[Supplied data — start]

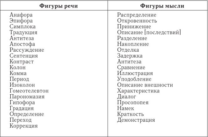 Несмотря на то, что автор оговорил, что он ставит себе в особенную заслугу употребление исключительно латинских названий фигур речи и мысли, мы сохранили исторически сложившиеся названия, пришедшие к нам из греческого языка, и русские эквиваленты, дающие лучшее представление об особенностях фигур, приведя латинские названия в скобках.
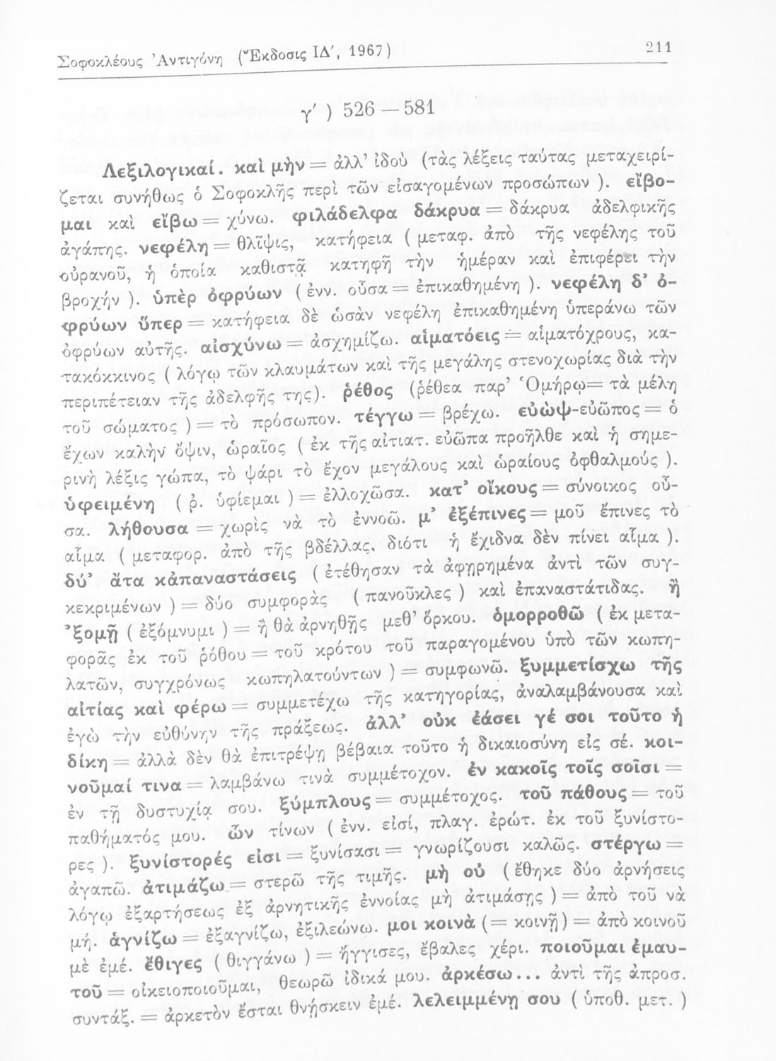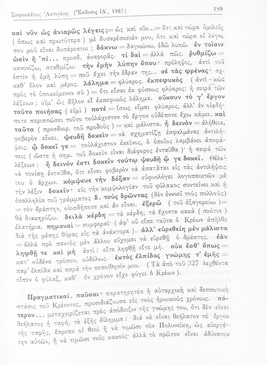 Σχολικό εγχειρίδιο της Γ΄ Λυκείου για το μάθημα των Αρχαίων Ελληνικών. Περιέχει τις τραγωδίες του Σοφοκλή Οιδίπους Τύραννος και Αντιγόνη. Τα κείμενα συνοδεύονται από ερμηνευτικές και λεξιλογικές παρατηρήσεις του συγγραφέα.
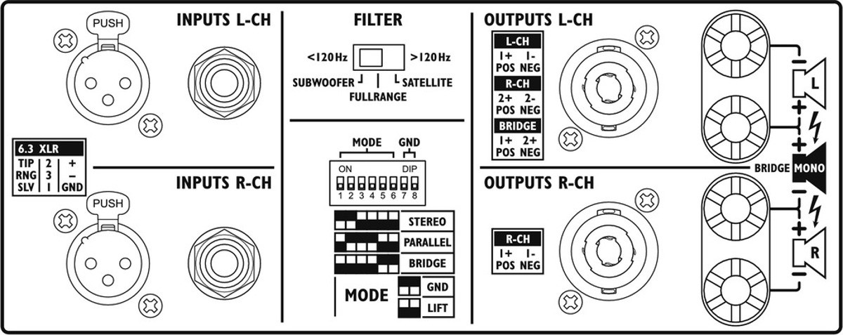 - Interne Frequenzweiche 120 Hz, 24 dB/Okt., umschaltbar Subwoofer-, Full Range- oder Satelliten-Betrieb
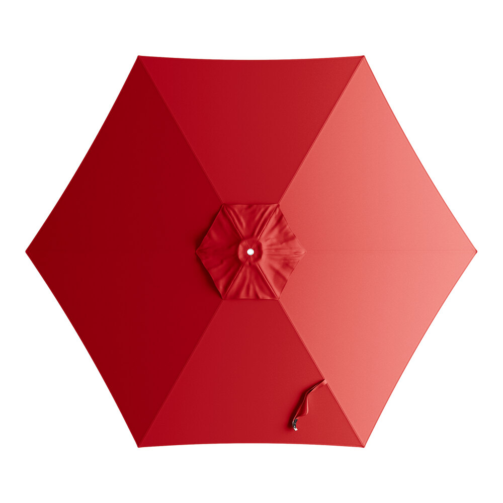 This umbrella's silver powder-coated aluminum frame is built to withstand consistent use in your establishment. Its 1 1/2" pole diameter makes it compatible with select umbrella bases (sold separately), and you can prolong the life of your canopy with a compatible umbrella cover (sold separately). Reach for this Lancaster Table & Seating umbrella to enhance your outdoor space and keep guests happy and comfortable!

[Supplied data — finish]

- Instructions for the task: Every line above should be transcribed exactly, though no image should be carried over.

- Exercise response:
 Несмотря на то, что автор оговорил, что он ставит себе в особенную заслугу употребление исключительно латинских названий фигур речи и мысли, мы сохранили исторически сложившиеся названия, пришедшие к нам из греческого языка, и русские эквиваленты, дающие лучшее представление об особенностях фигур, приведя латинские названия в скобках.
 Σχολικό εγχειρίδιο της Γ΄ Λυκείου για το μάθημα των Αρχαίων Ελληνικών. Περιέχει τις τραγωδίες του Σοφοκλή Οιδίπους Τύραννος και Αντιγόνη. Τα κείμενα συνοδεύονται από ερμηνευτικές και λεξιλογικές παρατηρήσεις του συγγραφέα.
 - Interne Frequenzweiche 120 Hz, 24 dB/Okt., umschaltbar Subwoofer-, Full Range- oder Satelliten-Betrieb
 This umbrella's silver powder-coated aluminum frame is built to withstand consistent use in your establishment. Its 1 1/2" pole diameter makes it compatible with select umbrella bases (sold separately), and you can prolong the life of your canopy with a compatible umbrella cover (sold separately). Reach for this Lancaster Table & Seating umbrella to enhance your outdoor space and keep guests happy and comfortable!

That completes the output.